Software developers that want to implement processors and APIs for JSON-LD.

To understand the basics in this specification you must first be familiar with JSON, which is detailed in [[!RFC4627]]. You must also understand the JSON-LD Syntax [[!JSON-LD]], which is the base syntax used by all of the algorithms in this document, and the JSON-LD API [[!JSON-LD-API]]. To understand the API and how it is intended to operate in a programming environment, it is useful to have working knowledge of the JavaScript programming language [[ECMA-262]] and WebIDL [[!WEBIDL]]. To understand how JSON-LD maps to RDF, it is helpful to be familiar with the basic RDF concepts [[!RDF-CONCEPTS]].

General Terminology

The intent of the Working Group and the Editors of this specification is to eventually align terminology used in this document with the terminology used in the RDF Concepts document to the extent to which it makes sense to do so. In general, if there is an analogue to terminology used in this document in the RDF Concepts document, the preference is to use the terminology in the RDF Concepts document.

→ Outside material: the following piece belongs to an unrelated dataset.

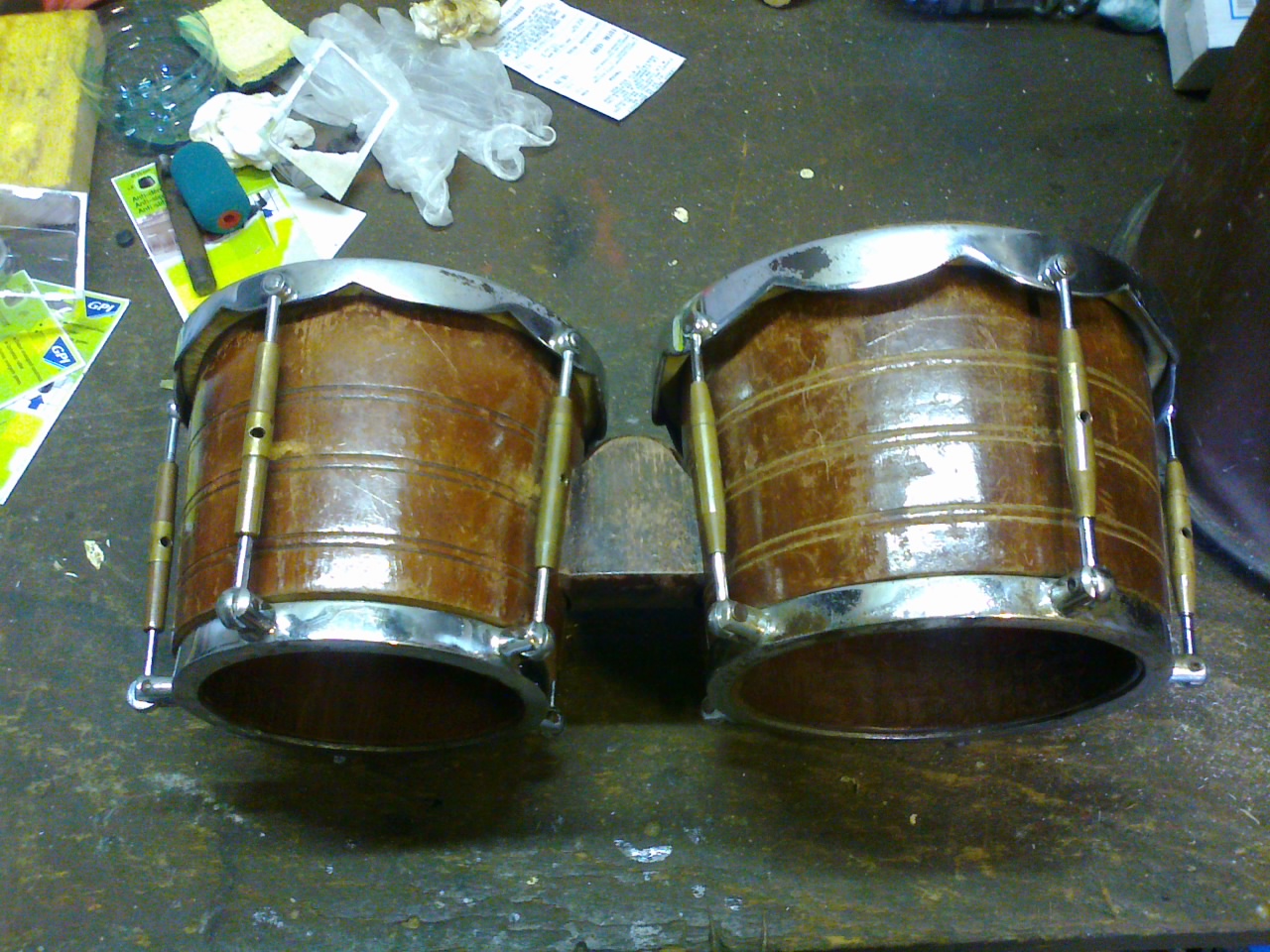 Looks like the person or maker used two crowns on one drum with a turnbuckle like part in the center. Very interesting. I am wondering if you can see any signs of wear of scraping along the lower crown? That would be one of my main concerns with those drums. The bongos however look like they have no such issues.

The following is an explanation of the general terminology used in this document:

JSON object: An object structure is represented as a pair of curly brackets surrounding zero or more name-value pairs. A name is a string. A single colon comes after each name, separating the name from the value. A single comma separates a value from a following name. The names within an object SHOULD be unique.
array: An array is represented as square brackets surrounding zero or more values that are separated by commas.
string: A string is a sequence of zero or more Unicode (UTF-8) characters, wrapped in double quotes, using backslash escapes (if necessary). A character is represented as a single character string.
number: A number is similar to that used in most programming languages, except that the octal and hexadecimal formats are not used and that leading zeros are not allowed.
true and false: Values that are used to express one of two possible boolean states.
null: The use of the null value within JSON-LD is used to ignore or reset values.
keyword: A JSON key that is specific to JSON-LD, specified in the JSON-LD Syntax specification [[!JSON-LD]] in the section titled Syntax Tokens and Keywords.
context: A a set of rules for interpreting a JSON-LD document as specified in The Context of the [[JSON-LD]] specification.
IRI: An Internationalized Resource Identifier as described in [[!RFC3987]].
Linked Data: A set of documents, each containing a representation of a linked data graph.
linked data graph or dataset: An unordered labeled directed graph, where nodes are IRIs or Blank Nodes, or other values. A linked data graph is a generalized representation of a RDF graph as defined in [[!RDF-CONCEPTS]].
named graph: A linked data graph that is identified by an IRI.
graph name: The IRI identifying a named graph.
default graph: When executing an algorithm, the graph where data should be placed if a named graph is not specified.
node: A piece of information that is represented in a linked data graph.
node definition: A JSON object used to represent a node and one or more properties of that node. A JSON object is a node definition if it does not contain the keys @value, @list or @set and it has one or more keys other than @id.
node reference: A JSON object used to reference a node having only the @id key.
blank node: A node in the linked data graph that does not contain a de-referenceable identifier because it is either ephemeral in nature or does not contain information that needs to be linked to from outside of the linked data graph. A blank node is assigned an identifier starting with the prefix _:.
property: The IRI label of an edge in a linked data graph.
subject: A node in a linked data graph with at least one outgoing edge, related to an object node through a property.
object: A node in a linked data graph with at least one incoming edge.
quad: A piece of information that contains four items; a subject, a property, an object, and a graph name.
literal: An object expressed as a value such as a string, number or in expanded form.

Contributing

There are a number of ways that one may participate in the development of this specification:

Technical discussion typically occurs on the public mailing list: public-linked-json@w3.org
Public teleconferences are held on Tuesdays at 1500UTC on the second and fourth week of each month.
Specification bugs and issues should be reported in the issue tracker.
Source code for the specification can be found on Github.
The #json-ld IRC channel is available for real-time discussion on irc.freenode.net.

Algorithms

All algorithms described in this section are intended to operate on language-native data structures. That is, the serialization to a text-based JSON document isn't required as input or output to any of these algorithms and language-native data structures MUST be used where applicable.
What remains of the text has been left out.